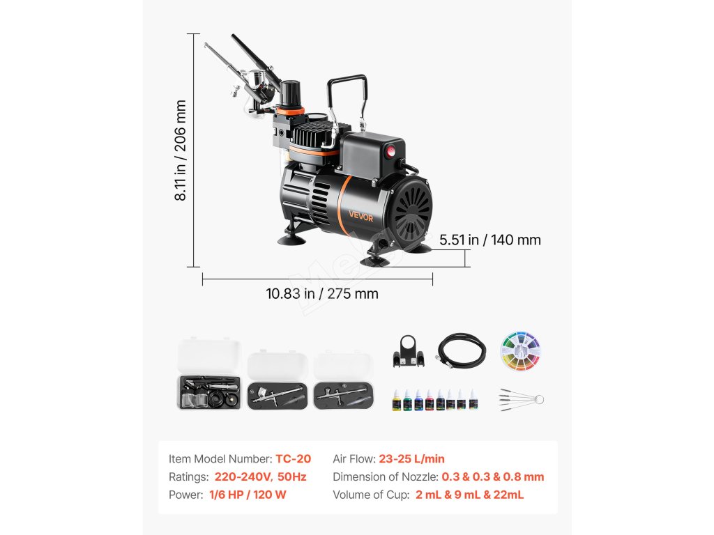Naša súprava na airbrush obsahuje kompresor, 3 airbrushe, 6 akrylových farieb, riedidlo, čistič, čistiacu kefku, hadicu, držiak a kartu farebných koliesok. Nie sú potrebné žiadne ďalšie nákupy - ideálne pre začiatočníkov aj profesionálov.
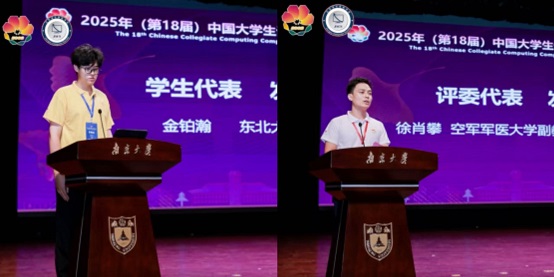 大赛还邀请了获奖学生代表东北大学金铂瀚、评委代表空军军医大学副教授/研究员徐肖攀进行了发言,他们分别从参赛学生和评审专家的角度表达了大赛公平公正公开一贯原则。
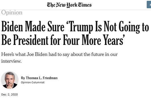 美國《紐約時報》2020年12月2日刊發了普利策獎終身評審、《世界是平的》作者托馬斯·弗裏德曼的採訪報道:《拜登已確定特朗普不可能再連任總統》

※

A word-for-word retyping of the material above is expected, without pictures.

■ **RESPONSE AREA**
Naša súprava na airbrush obsahuje kompresor, 3 airbrushe, 6 akrylových farieb, riedidlo, čistič, čistiacu kefku, hadicu, držiak a kartu farebných koliesok. Nie sú potrebné žiadne ďalšie nákupy - ideálne pre začiatočníkov aj profesionálov.
 大赛还邀请了获奖学生代表东北大学金铂瀚、评委代表空军军医大学副教授/研究员徐肖攀进行了发言,他们分别从参赛学生和评审专家的角度表达了大赛公平公正公开一贯原则。
 美國《紐約時報》2020年12月2日刊發了普利策獎終身評審、《世界是平的》作者托馬斯·弗裏德曼的採訪報道:《拜登已確定特朗普不可能再連任總統》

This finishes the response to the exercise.